Ces deux assertions méritent évidemment d'être établies par l'enquête,
tout comme le lien entre les faits reprochés et un projet «terroriste»
reste sujet à caution. Jeudi en milieu d'après-midi, les deux
intéressés s'étaient refusés à toute déclaration.


La prudence paraît d'autant plus de mise que le précédent du «groupe de Tarnac»
– accusé d'avoir voulu déstabiliser l'Etat par des sabotages de lignes
SNCF en novembre 2008, alors que le dossier d'enquête ne contient pas
de preuve matérielle évidente – continue d'être critiqué. Mais les deux
gardes à vue en cours à Paris donnent encore une illustration de la
répression accrue visant d'éventuels membres de cette «ultra-gauche» dénoncée par la ministre de l'intérieur Michèle Alliot-Marie.


Car il faut rappeler que ce changement de politique est récent:
l'ensemble s'inscrit dans une instruction du ministère de la justice,
datée du 13 juin 2008, qui a recommandé à tous les parquets de France
de transmettre les dossiers susceptibles d'intéresser «la mouvance anarcho-autonome» aux magistrats spécialisés dans l'antiterrorisme (lire ici dans Mediapart).


Ce contexte explique pourquoi l'avocate et son ami, d'abord mis en
cause pour une tentative d'incendie, ont basculé sous le régime de la
législation antiterroriste. Cette dernière autorise notamment de porter
leur garde à vue à une durée de quatre jours (96 heures, au lieu de
deux jours, dans les procédures de droit commun).



Un tel branle-bas de combat antiterroriste sera-t-il justifié, dans
cette dernière affaire parisienne?
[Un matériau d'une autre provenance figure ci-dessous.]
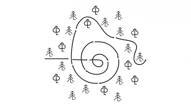 Выбирайте, будет ваша спираль закручиваться или раскручиваться, а лучше пройти маршрут в двух направлениях, чтобы повысить шансы на удачный поиск.

Dans la nuit du 13 au 14 janvier,
l'avocate et son compagnon – respectivement âgés de trente et
vingt-huit ans – se trouvaient à proximité de leur domicile, dans le
XIXe arrondissement de Paris, a-t-on confirmé de sources policière et
judiciaire. Ils étaient manifestement «en état d'ébriété» et décidés à utiliser «un chiffon»
enflammé pour mettre le feu aux voitures. Les deux véhicules visés
étaient des voitures particulières, sans signe distinctif. Ils étaient
stationnés à un endroit où se trouvait un poste de police, quelques
mois plus tôt, qui avait depuis été fermé. Le mutisme des deux
interpellés, en garde à vue, ne va pas dans le sens d'une action
politiquement «revendiquée». Enfin, aucun des deux intéressés ne
s'était fait remarquer par la justice, jusqu'à cet incident, même s'ils
étaient visiblement davantage connus des services de renseignements...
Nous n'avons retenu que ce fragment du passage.